E' uno che ha pagato per i suoi misfatti

Niente di edificante, siamo d'accordo. Ma siamo di fronte a una persona che ha pagato con il carcere per quello che ha compiuto – non ce ne sono tante, in giro, ad averlo fatto – e che ha saputo in seguito regalarsi una nuova vita, da persona normale. Ora non c'è più e di lui restano i libri, i quadri (pare che le sue tele siano molto apprezzate) e i racconti brillanti delle sue guasconate, che a sentirle descritte da lui - con il suo milanese "romantico" – sembrano quasi scene di un brillante film del genere "guardie e ladri".

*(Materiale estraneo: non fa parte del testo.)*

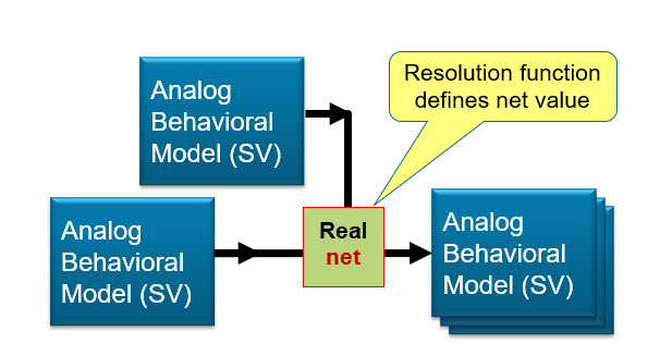 A user-defined nettype is declared with the keyword nettype, and includes a data type and optionally a resolution function. It can carry one or more values over a single net. A real value can be used to communicate voltage, current and other values between design blocks. You can define a user-defined type (UDT), user-defined nettype (UDN), and user-defined resolution function (UDR).
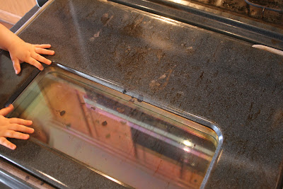 The next project to tackle that is often severely neglected or just plain ignored… the inside of my oven, I had a little helper, there at my side the. whole. time. So it, was good I was not using something really toxic. For this project I used the scour off again and basic H2 for an overall wipe down when I was done.
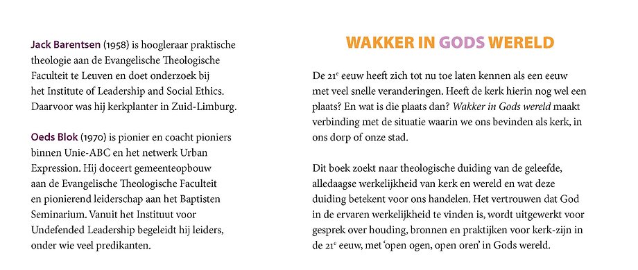 De 21e eeuw heeft zich tot nu toe laten kennen als een eeuw met veel, snelle veranderingen. Heeft de kerk hierin nog wel een plaats? En wat is die plaats dan? Wakker in Gods wereld maakt verbinding met de situatie waarin we ons bevinden als kerk, in ons dorp of onze stad. Dit boek zoekt naar theologische duiding van de geleefde, alledaagse werkelijkheid van kerk en wereld en wat deze duiding betekent voor ons handelen. Het vertrouwen dat God in de ervaren werkelijkheid te vinden is, wordt uitgewerkt voor gesprek over houding, bronnen en praktijken voor kerkzijn in de 21e eeuw, met ‘open ogen, open oren’ in Gods wereld.
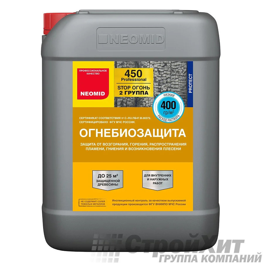 NEOMID 450 защищает древесину на срок до 7 лет от возгорания и распространения пламени, обеспечивая II группу огнезащитной эффективности согласно ГОСТ Р 53292 (переводя древесину в трудновоспламеняемый материал), и на срок 8-10 лет от гниения, возникновения плесени, при отсутствии контакта с влагой. Применяется как защитная пропитка для обработки деревянных стен, балок, стропильных систем, несущих брусьев, перекрытий, лаг, оконных и дверных блоков, а также других конструкций из древесины различного назначения.
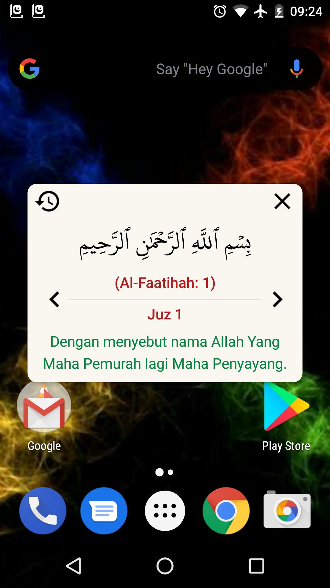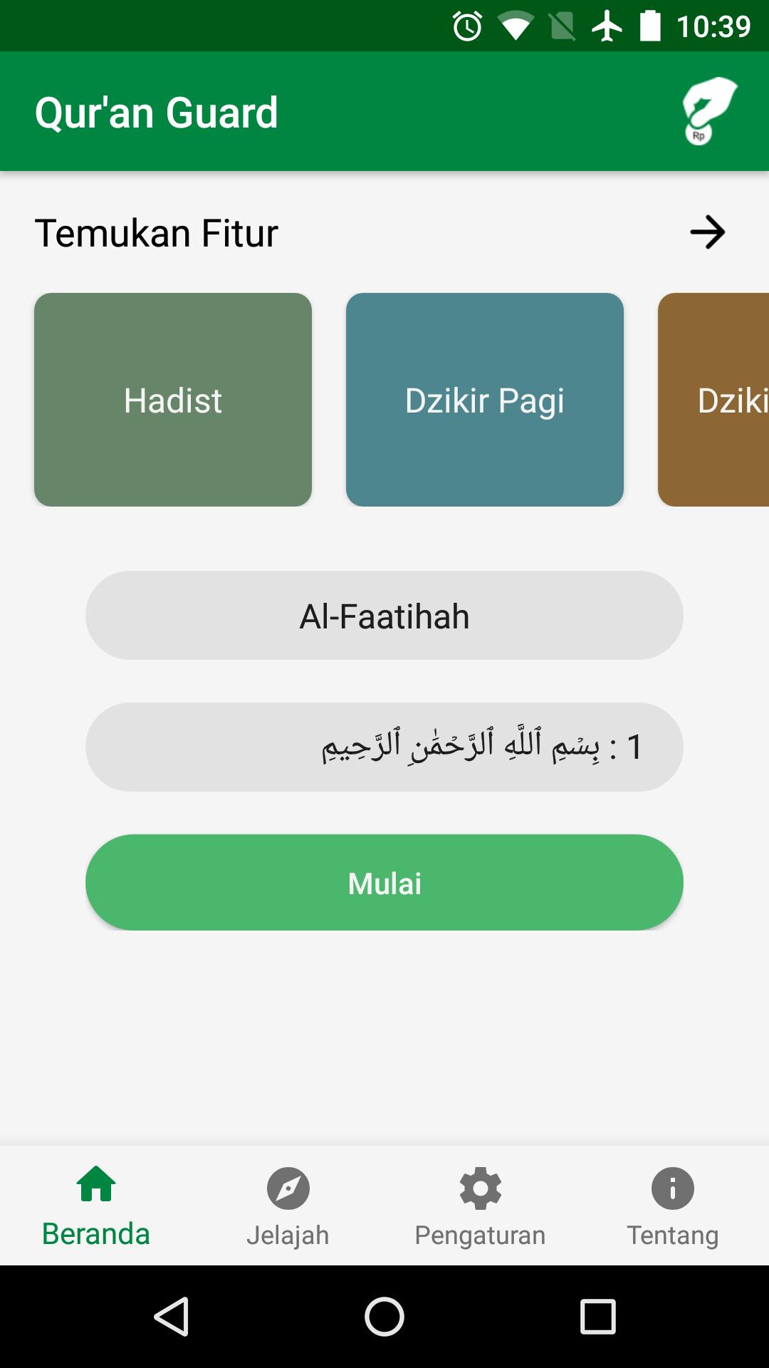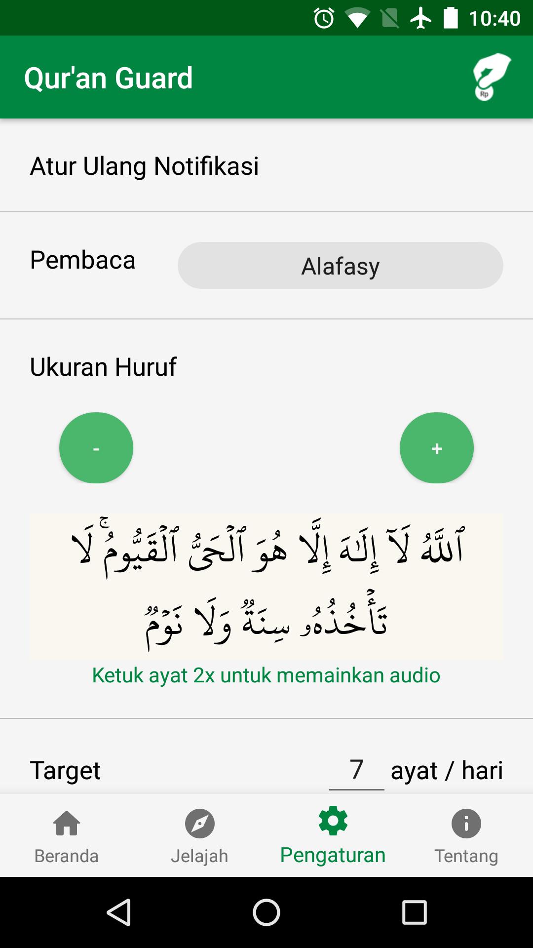 - Menampilkan ayat Al-Qur'an dan terjemahan setiap kali mengaktifkan smartphone
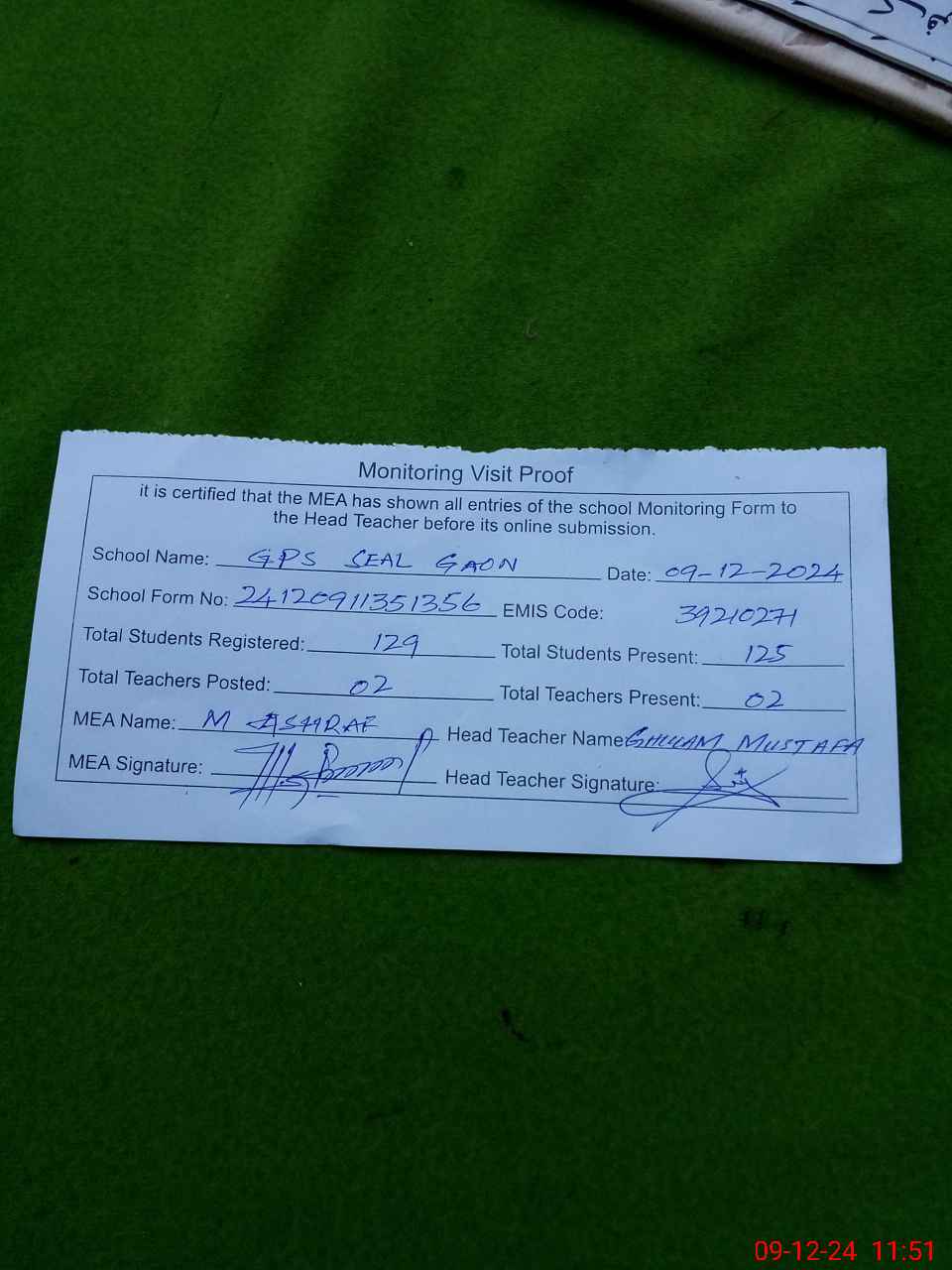 | Attendance Register | Head Teacher | MEA with School | Visit Proof |
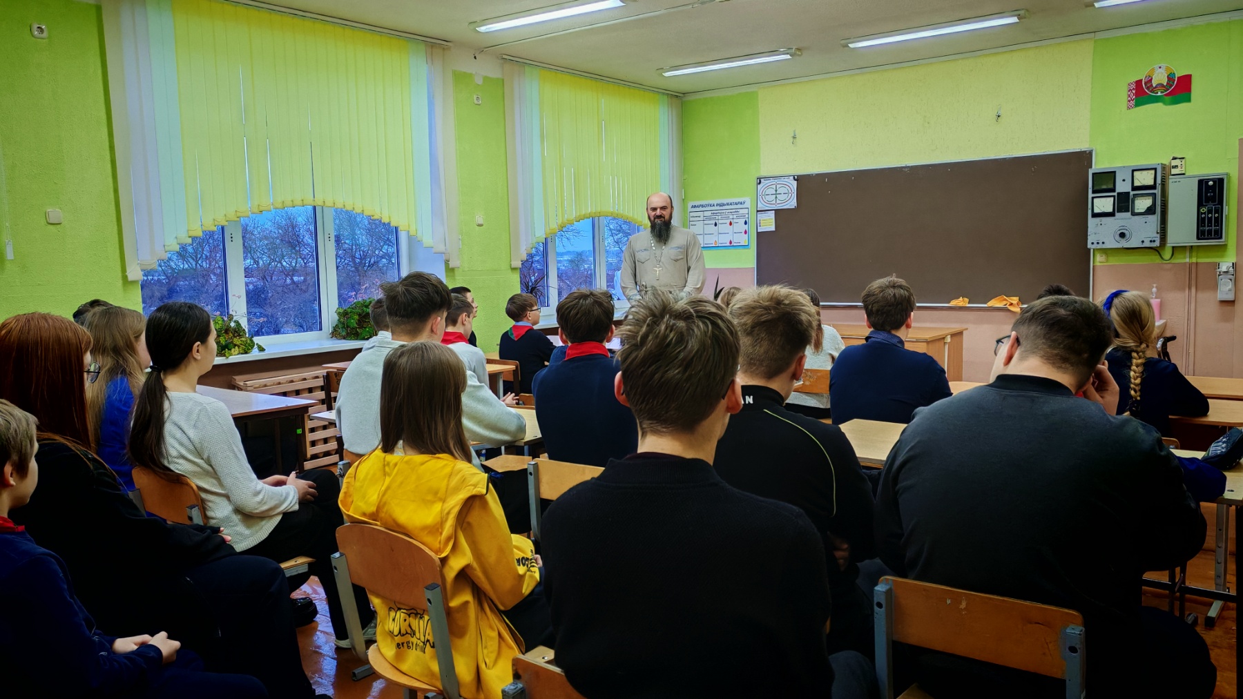 18.02.2026 в ГУО «Выверская базовая школа Молодечненского района» прошла встреча учащихся 6-9 классов с настоятелем храма Святого Пантелеймона Савчуком Евгением. Настоятель храма провел с ребятами беседу о ценности жизни. Отец Евгений попытался ответить на волнующие вопросы подрастающего поколения: «зачем я живу?», «как справиться с этим миром и успешно влиться в него?», «как не стать отвергнутым обществом?» и т.д. Священнослужитель в ходе беседы пояснил учащимся, что при любых жизненных обстоятельствах никогда не нужно терять надежду на помощь Божью, вселял в детей уверенность в свои силы и возможности, внушал им оптимизм и надежду, проявлял сочувствие и понимание. Во время своей беседы священник приводил примеры из жизни и различные притчи. Ребята с большим интересом слушали и активно отвечали на его вопросы, попутно задавая свои. Встреча прошла в теплой доброжелательной обстановке.
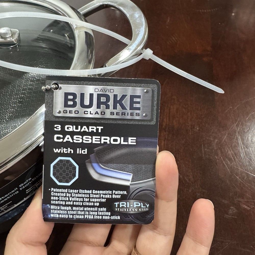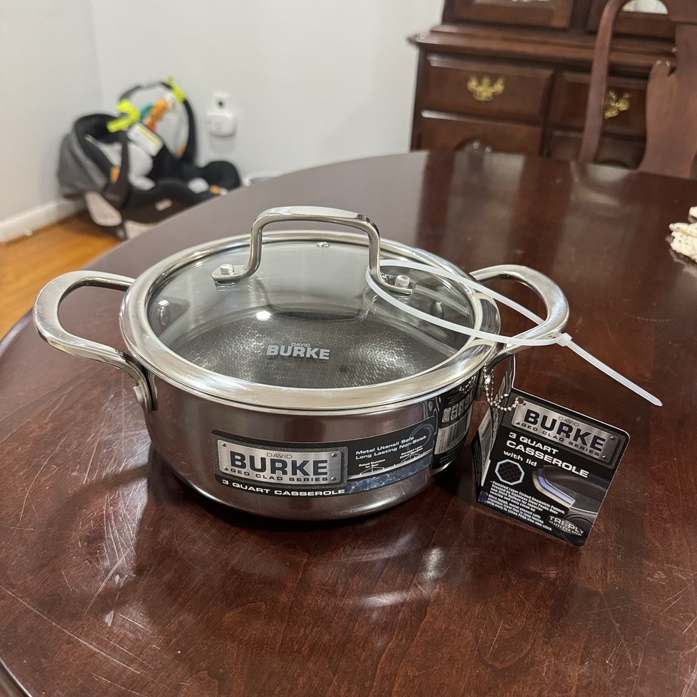 David Burke Geo Clad 3-qt 8" Heavy Stainless Casserole New
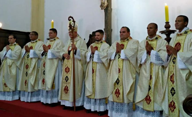 A Igreja Católica ganhou sete padres, segunda-feira, numa cerimônia recheada de emoções na Catedral Metropolitana, em Olinda. Cerca de duas mil pessoas prestigiaram a solenidade de ordenação presbiteral dos novos sacerdotes do Seminário Arquidiocesano Nossa Senhora da Graça, leia-se o padre João Bosco Costa Lima. A celebração foi presidida pelo Arcebispo da Arquidiocese de Olinda e Recife, dom Fernando Saburido.
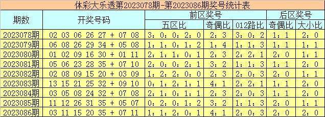 体彩大乐透第2023086期奖号为03 11 15 20 35 + 07 11,前区号码五区比为1:1:2:0:1,奇偶比为4:1,012路比为2:0:3,后区号码奇偶比为2:0,大小比为2:0。
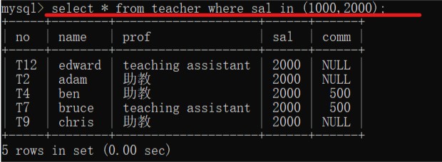 字段名 in (值1,........,值n);

Perché diciamocelo: Lutring sarà anche stato uno spietato rapinatore, un fannullone e un perdigiorno votato solo alla ricerca del proprio piacere, ma nulla ci impedisce di dire che era anche una persona gentile, umana e autoironica. Insomma, proprio un simpatico bandito, come ai giorni nostri non ce ne sono più (tanto per voler concludere con una banalità).